§ HOW TO COMPLETE THIS TASK
Among the entries that follow, locate the line with "Салфетка бумажная 20л" and the line with "Card # 106927.". Output those lines and all lines in between, exactly, minus the pictures.

§ EXERCISE DATA

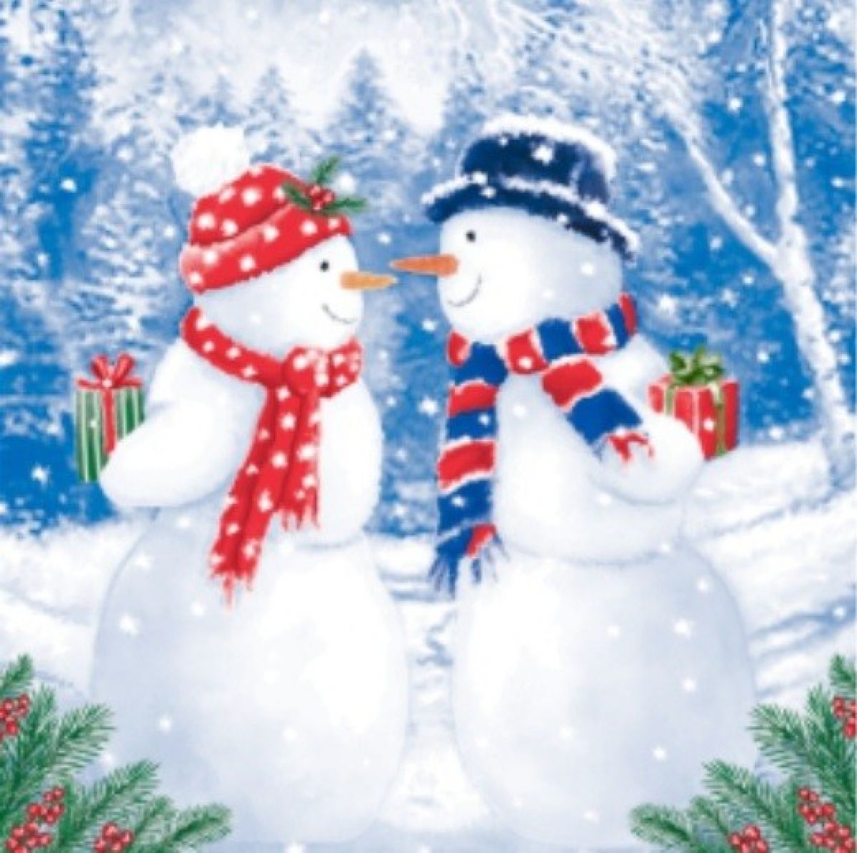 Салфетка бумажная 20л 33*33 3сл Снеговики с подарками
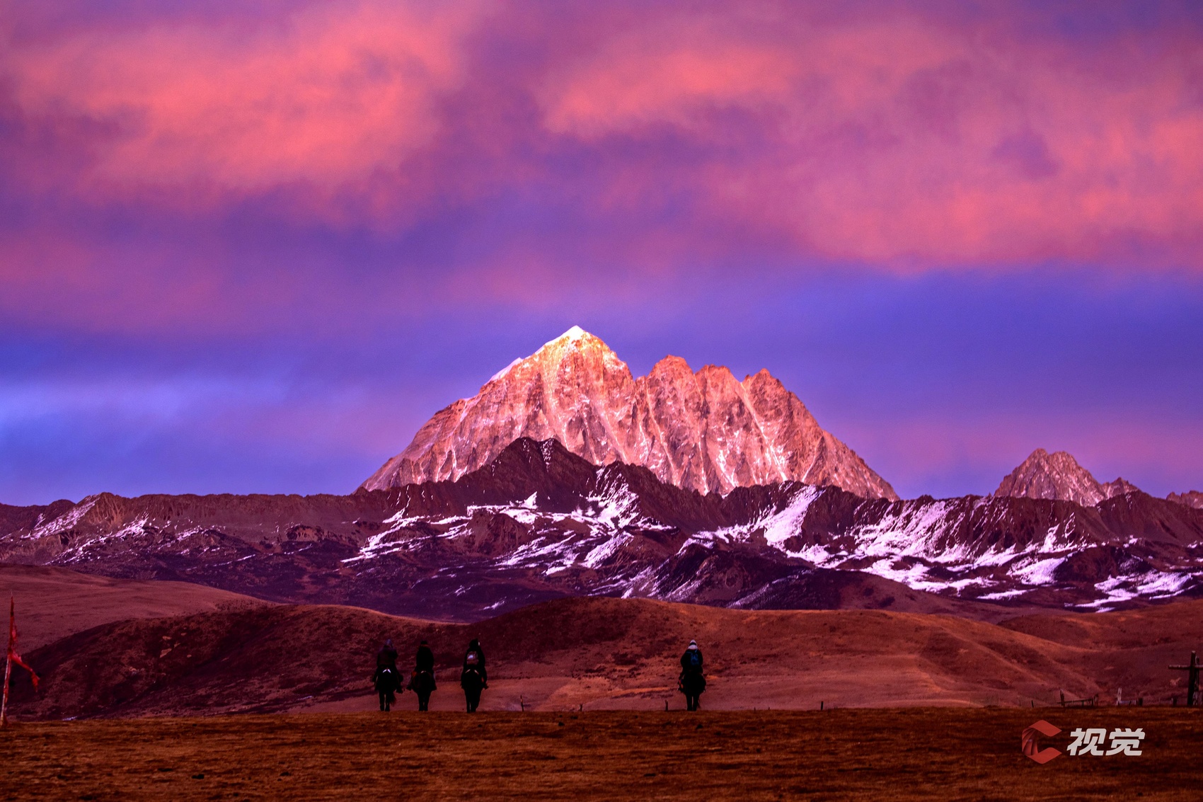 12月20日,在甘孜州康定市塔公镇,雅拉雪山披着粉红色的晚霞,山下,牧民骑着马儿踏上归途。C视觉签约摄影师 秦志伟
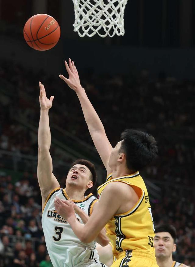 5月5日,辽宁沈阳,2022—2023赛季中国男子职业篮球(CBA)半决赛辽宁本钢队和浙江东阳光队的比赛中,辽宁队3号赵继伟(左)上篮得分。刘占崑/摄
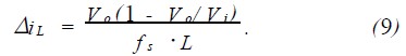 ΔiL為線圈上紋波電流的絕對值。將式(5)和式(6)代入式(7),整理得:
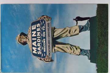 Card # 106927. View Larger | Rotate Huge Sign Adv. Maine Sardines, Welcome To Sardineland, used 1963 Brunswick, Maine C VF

==

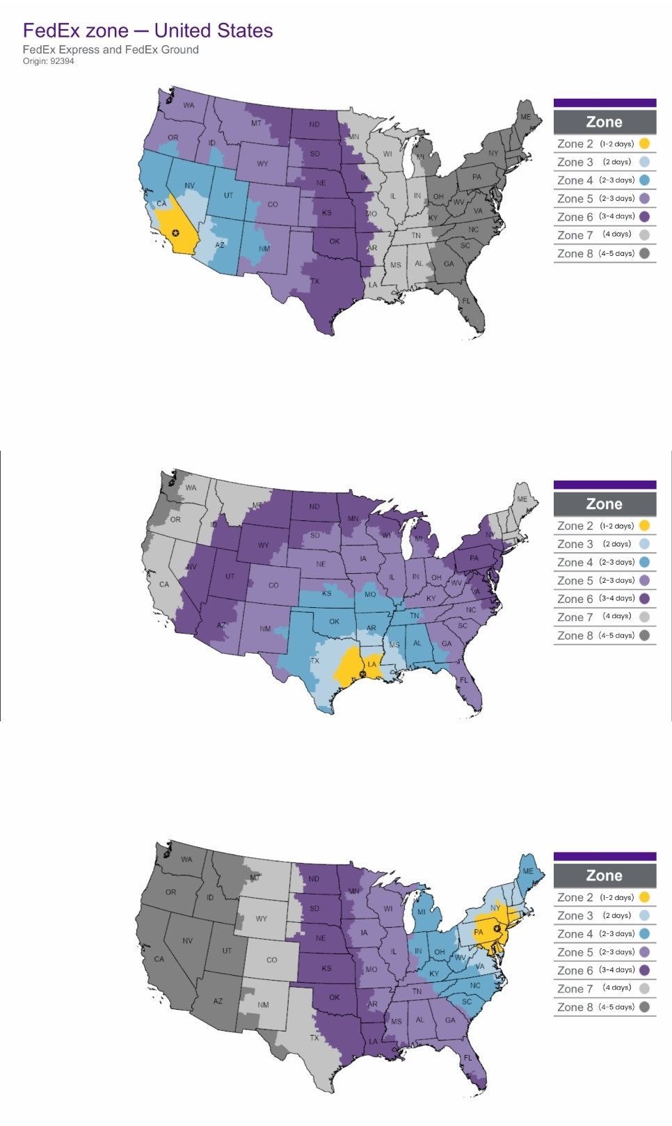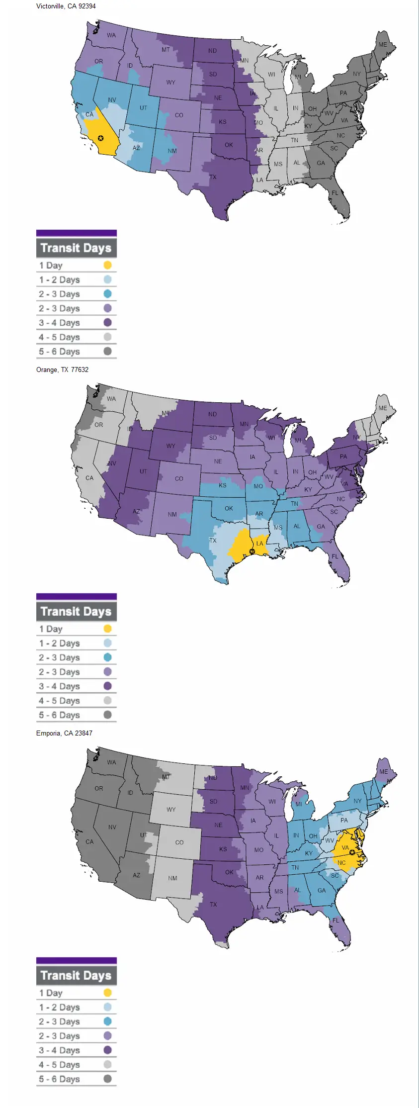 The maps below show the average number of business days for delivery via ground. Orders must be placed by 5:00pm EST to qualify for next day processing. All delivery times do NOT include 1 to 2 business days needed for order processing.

§ EXERCISE ANSWER
 Салфетка бумажная 20л 33*33 3сл Снеговики с подарками
 12月20日,在甘孜州康定市塔公镇,雅拉雪山披着粉红色的晚霞,山下,牧民骑着马儿踏上归途。C视觉签约摄影师 秦志伟
 5月5日,辽宁沈阳,2022—2023赛季中国男子职业篮球(CBA)半决赛辽宁本钢队和浙江东阳光队的比赛中,辽宁队3号赵继伟(左)上篮得分。刘占崑/摄
 ΔiL為線圈上紋波電流的絕對值。將式(5)和式(6)代入式(7),整理得:
 Card # 106927. View Larger | Rotate Huge Sign Adv. Maine Sardines, Welcome To Sardineland, used 1963 Brunswick, Maine C VF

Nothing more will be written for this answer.